Today this work represents 60%+ of the town's economy and produces more than 15 million baubles every season, shipping them worldwide.  Their craft has decorated the White House in Washington, DC, and the Sistine Chapel in Italy.  

Their work constantly changes to represent the times incorporating modern designs and materials and including decorations for the whole home.





After a couple of hours, there was a meet-up with Eric at a local mezcaleria.  The host was convivial and generous, handing out botanas (appys) to tide us over until dinner.

In 1937 after days of heavy rainfall, tailings of the mine were breached and a torrent of heavy silt tore through town, killing 300 people, and destroying a third of the town.  Whole neighbourhoods disappeared, plus the original church of El Carmen.   Before dinner, Eric walked us to the place where the old church once stood and through his stories let our imagination take us to that catastrophic time.

Dinner that night was a four-course traditional meal, served by a friend of Eric and Christina's, on the outside deck of her home.  Food, conversation and wine flowed freely.  Back at the hotel, some hardy folk lit a fire in the fireplace and enjoyed some mezcal.

On the morning of day two, before heading out to experience the Monarchs, Eric leads us on a street food tasting venture for breakfast that ended in the local market.  While waiting for food, Eric spied a vendor coming in with his product for the day: cow's head (Cabeza de la Vaca).  

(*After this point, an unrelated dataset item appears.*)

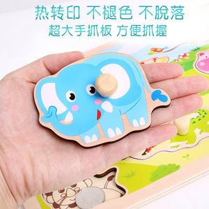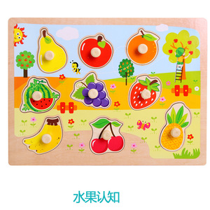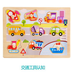 亲子木制钉手抓板木质交通动物水果形状数字系列早教益智拼板游戏

The head is slow-roasted until the meat is fall-off-the-bone tender, then served in burritos or quesadillas.  We go over to have a look and later Eric brings a plate of meat over for us to try.  It is indeed tender, and tasty, and the high-fat content gives it a juicy, rich mouthfeel.  Delicious.

Lunch at the butterfly sanctuary later in the day is also delicious and includes a traditional soup that is cooked for many hours as well as some tortillas and quesadillas.

Arriving back in San Miguel around 8 pm, we are too tired for the walk home and hail a taxi.  If we were staying in San Miguel longer, we would consider another of Eric's tours.